WORK REQUIRED
Exactly as they stand, give the records below again, with no images.

DATA PROVIDED
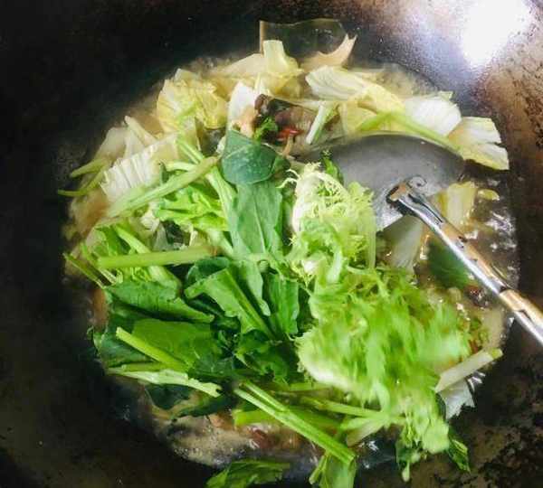 第8步、待白菜燉熟,放入菠菜、苦菊、韭菜,翻炒均勻。
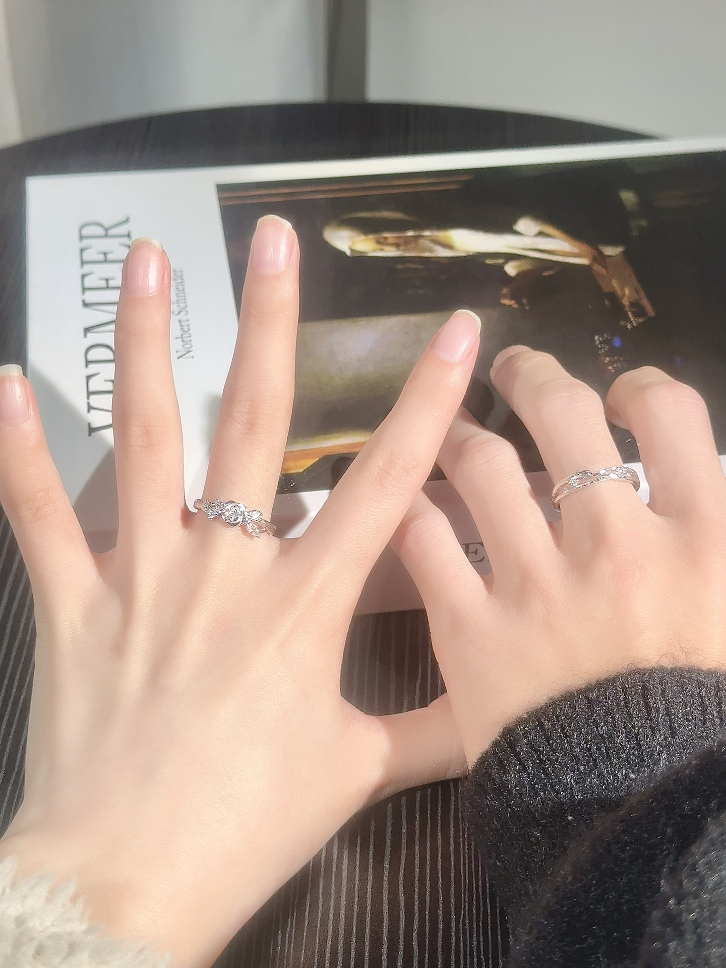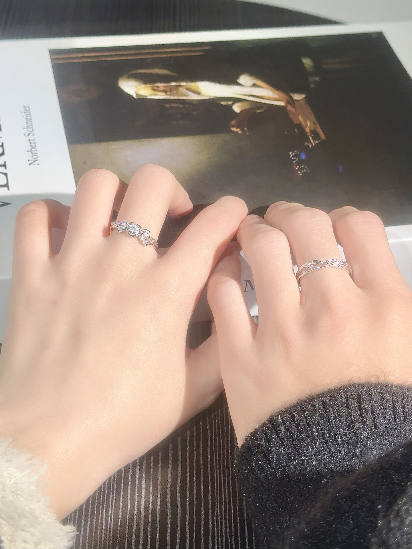 这对情侣戒真的太会了 我的是立体玫瑰造型 花瓣纹路都清晰可见 还点缀了小钻他的是缠绕的枝叶设计 和我的玫瑰刚好呼应 就像他在默默守护着我 每次和他牵手的时候 看到手上的戒指 就觉得我们的爱有了具象的模样 不是那种烂大街的款式 小众又有设计感✌️
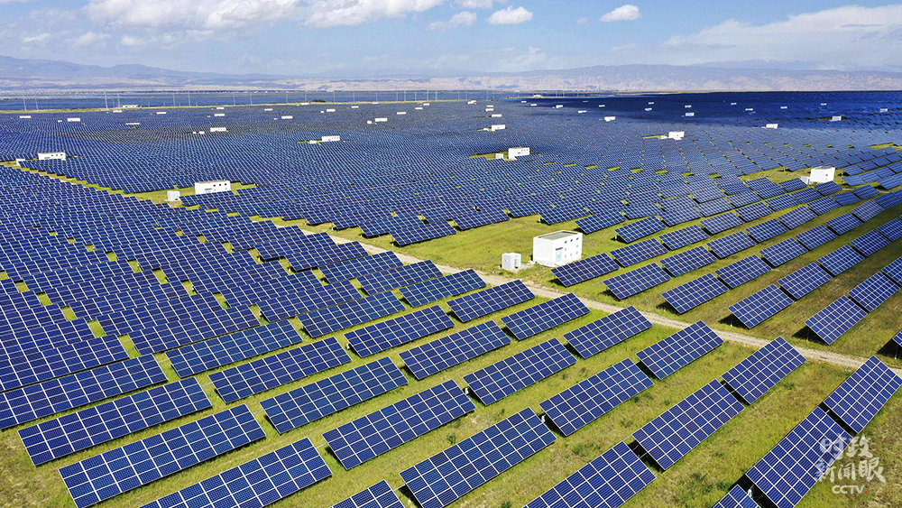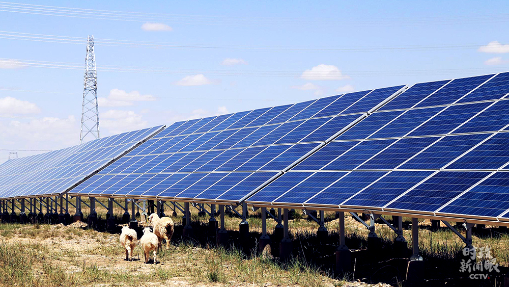 △這是位于青海省海南藏族自治州的塔拉灘光伏產(chǎn)業(yè)園區(qū)。在光伏板的“庇護(hù)”下,草場逐漸恢復(fù),羊群也回來了,經(jīng)濟(jì)和生態(tài)效益雙豐收。
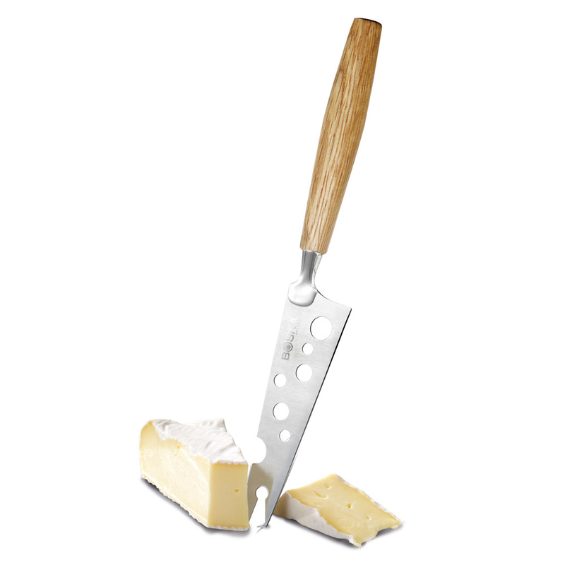 Rozwidlenie na czubku noża w kształcie „widelczyka” ułatwia rozdzielanie i serwowanie kawałków sera. Linię Life Collection charakteryzuje wykończenie naturalnym drewnem dębu amerykańskiego, w przypadku noża jest to wygodna, zgrabna rękojeść.
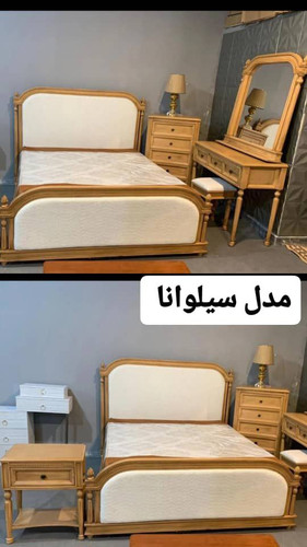 سرویس خواب کلاسیک مدل سیلوانا - تمام چوب و MDF با آینه قدی و رنگ چوب طبیعی
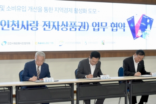 박남춘 인천시장이 31일 시청 중앙홀에서 열린 'INCHEONer CARD 발행 기념행사'에서 협약 체결을 하고 있다.
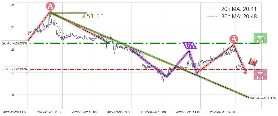 ♞ 20小时均线:20.41,30小时均线:20.48→ 快线<慢线
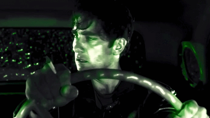 Однако Дуайт — протагонист, о чем также говорит цвет его машины и обуви — красный. Здесь он обозначает скорость, бунтарство, силу. Рифмованные кадры с машинами дают дополнительную визуальную информацию, противопоставляя протагониста и антагониста даже на уровне цвета. Режиссер делает на этом акцент, раскрашивая машины в комплементарные цвета: синий и красный.
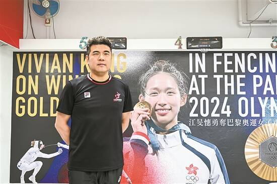 “脚步快一点!”“手伸直!”“出剑要果断!”位于香港沙田火炭地铁站旁的一座击剑馆里,练剑的少年和教练执剑对立,两把剑击打在一起时发出的铿锵声和教练的指导声交织在一起,让人仿佛置身于真实的赛场。在少年和教练身后,是一张江旻憓在巴黎奥运会夺冠后登上领奖台的海报,海报里的她手持奥运金牌,笑靥如花。

ANSWER SECTION
 第8步、待白菜燉熟,放入菠菜、苦菊、韭菜,翻炒均勻。
 这对情侣戒真的太会了 我的是立体玫瑰造型 花瓣纹路都清晰可见 还点缀了小钻他的是缠绕的枝叶设计 和我的玫瑰刚好呼应 就像他在默默守护着我 每次和他牵手的时候 看到手上的戒指 就觉得我们的爱有了具象的模样 不是那种烂大街的款式 小众又有设计感✌️
 △這是位于青海省海南藏族自治州的塔拉灘光伏產(chǎn)業(yè)園區(qū)。在光伏板的“庇護(hù)”下,草場逐漸恢復(fù),羊群也回來了,經(jīng)濟(jì)和生態(tài)效益雙豐收。
 Rozwidlenie na czubku noża w kształcie „widelczyka” ułatwia rozdzielanie i serwowanie kawałków sera. Linię Life Collection charakteryzuje wykończenie naturalnym drewnem dębu amerykańskiego, w przypadku noża jest to wygodna, zgrabna rękojeść.
 سرویس خواب کلاسیک مدل سیلوانا - تمام چوب و MDF با آینه قدی و رنگ چوب طبیعی
 박남춘 인천시장이 31일 시청 중앙홀에서 열린 'INCHEONer CARD 발행 기념행사'에서 협약 체결을 하고 있다.
 ♞ 20小时均线:20.41,30小时均线:20.48→ 快线<慢线
 Однако Дуайт — протагонист, о чем также говорит цвет его машины и обуви — красный. Здесь он обозначает скорость, бунтарство, силу. Рифмованные кадры с машинами дают дополнительную визуальную информацию, противопоставляя протагониста и антагониста даже на уровне цвета. Режиссер делает на этом акцент, раскрашивая машины в комплементарные цвета: синий и красный.
 “脚步快一点!”“手伸直!”“出剑要果断!”位于香港沙田火炭地铁站旁的一座击剑馆里,练剑的少年和教练执剑对立,两把剑击打在一起时发出的铿锵声和教练的指导声交织在一起,让人仿佛置身于真实的赛场。在少年和教练身后,是一张江旻憓在巴黎奥运会夺冠后登上领奖台的海报,海报里的她手持奥运金牌,笑靥如花。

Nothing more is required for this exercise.